PERENNIAL QUESTIONS

NEWSWEEK published an article, entitled "Science finds God" (July 20, 1998), written by Sharon Begley.  Doesn't this conclusively undermine all your anti-theistic arguments?

Emphatically, NO!
In fact the article is PROOF POSITIVE of what I've taught for many years: that theists, believers, clergy, and mass media either deliberately or in ignorance so misuse and abuse language that the linguistically uneducated and unenlightened are easily persuaded to believe that the language makes sense.
Apparently the terms "SCIENCE' and 'FINDS' in the title, "Science Finds God," were deliberately or ignorantly chosen to give the impression that SCIENCE, a term quite different from the term 'SCIENTISTS,' has found EVIDENCE, as the term 'finds' implies, that a supernatural god exists.
In fact the percentage of scientists, theistically inclined, is so small that it is an outrage to give the impression that the whole of science is leaning in the direction of supporting the existence of a supernatural being.
When we examine the language of the article, the deception of the title is revealed and we discover the ifs, ands, and buts; phrases out of context, the emotional and psychological needs of a very few barely known scientists (certainly not household names), and the frequent and ample use of terminology with unverifiable referents like:
      "unseen presence,"
      "metaphorical,"
      "supernatural,"
      "mysteries,"
      "belief,"
      "meaningless existence,"
      "spiritual emptiness,"
      "pointless,
      "in the eyes of believers,"
      "restoring faith,"
      and many more, none of which supports the use of the word, "FINDS," implying evidence.
If the title had been, " A few Scientists Support Belief In God," it would have been more honestly appropriate, though hardly anything new, in terms of the content of the article that clearly shows that some scientists never did escape the social forces of a religiously oriented society that even today still imbues all children with a strong inbred psychological need for a comforting Teddy Bear and security blanket.
Certainly the analogies and rationalizations Begley cites are not evidence of the existence of a god.

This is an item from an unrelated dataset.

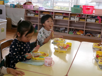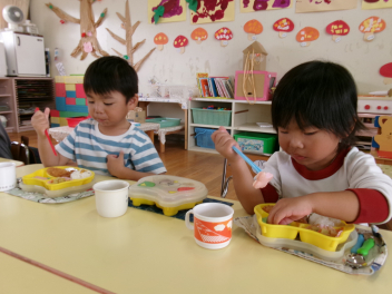 11月から年少さんは弁当タイムにお箸の練習が始まりました!
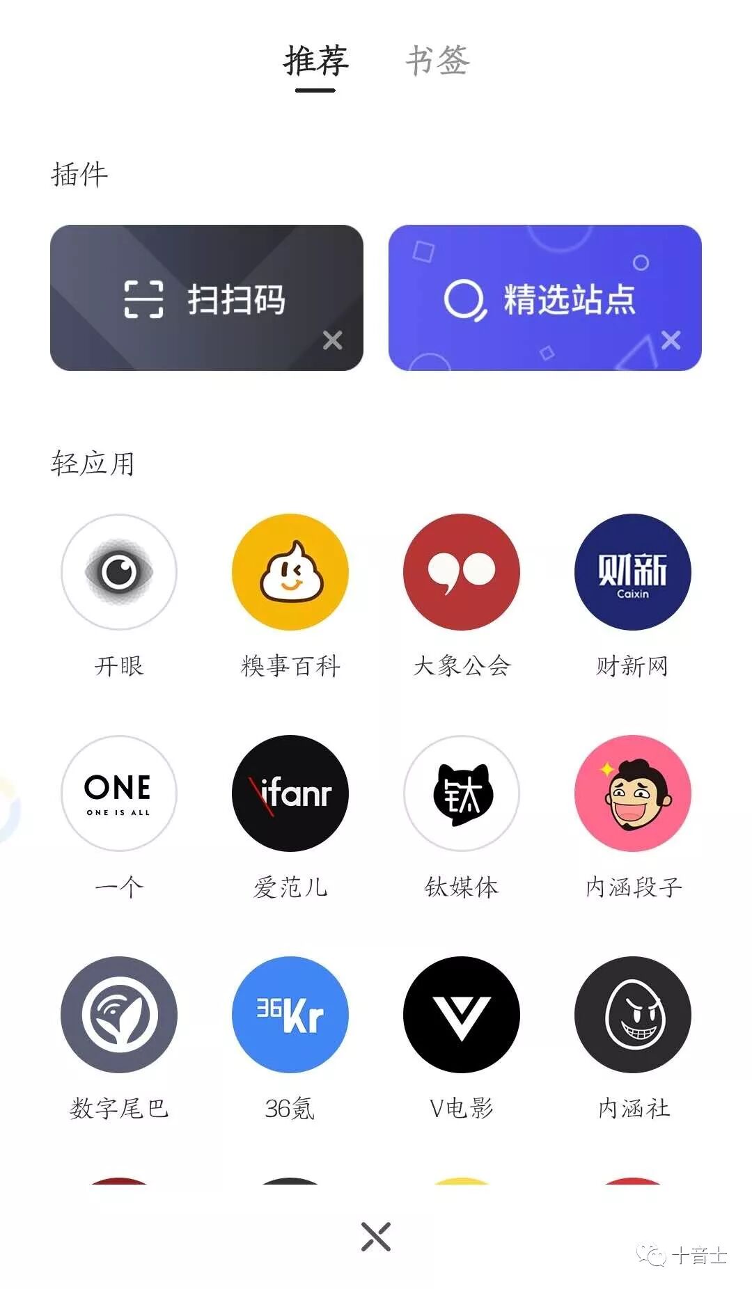 在浏览器主界面中向上滑动进入推荐页面。推荐里有插件、各种轻应用,如:开眼、糗事百科、大象工会等等几十种轻应用。方便快捷,可以少安装安装不少的软件了。

Theistic "scientists," an oxymoron or outright contradiction if there ever were one, of varying religions start with the conviction that they know the truth and then rationalize every tidbit they can conceive without evidence to support that conviction.

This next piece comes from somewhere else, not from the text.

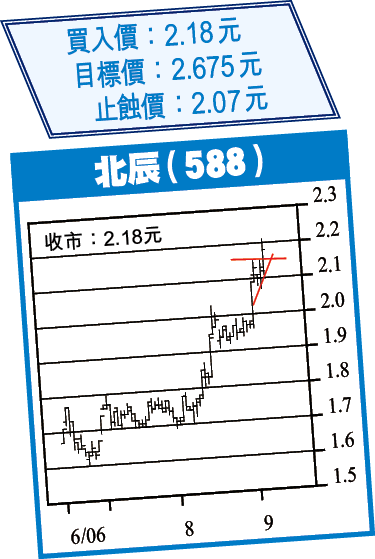 北京北辰(588)上日報收2.18元,升2.3%,股價自4月高位回落,跌至1.60元才反覆回升,8月重返250日線之後轉為在該長期線位橫行,上周突以大成交向上拋離250日線,發展旗形走勢後,上周五破旗而上,成交復增。技術上股價可望快速上試2.30元,破位向2.675元高位推進。若以4月至今的形態看來,股價最終有機會出現圓底走勢,目標亦是2.675元。現價買入,以2.07元作止蝕位,上破2.30元可加1注。

Scientists search for evidence, i.e., verifiable facts, and arrive at the truth.
This article seesaws between believing and not believing at the same time giving the overall impression that present day SCIENCE, rather than "THEISTIC SCIENTISTS," is gradually going in the direction of supporting the existence of a god.
A careful reading, however, exposes the deception of the title and shows that nothing offered in the article, in the least, changes the evidence that no new just cause supports believing in the existence of a god while, in contradiction, Begley writes, ". . .science might whisper to believers where to seek the divine.
This article borders on having one's cake and eating it too.
First, let us realize that the god usually believed in is probably the biblical type god defined to be
      UNKNOWABLE,
      INCORPOREAL (i.e.; He has no brain.),
      ALL POWERFUL,
      ALL GOOD (i.e., not capable of permitting evil),
      ALL KNOWING,
      ALL PRESENT,
      ETERNAL,
      INFINITE,
      PERFECT,
      UNCAUSED,
      and, FIRST CAUSAL CREATOR (uncaused Himself) capable of creating something out of nothing--WOW!
      Notice those terms and, taken together, their inherent contradictions.
      And since Begley is partial to citing hypotheticals, what if our universe had been created in some "other dimensional" laboratory?
      Surely "God" would no more be aware of any one of us than we are of some individual life form of the trillions that inhabit our bodies.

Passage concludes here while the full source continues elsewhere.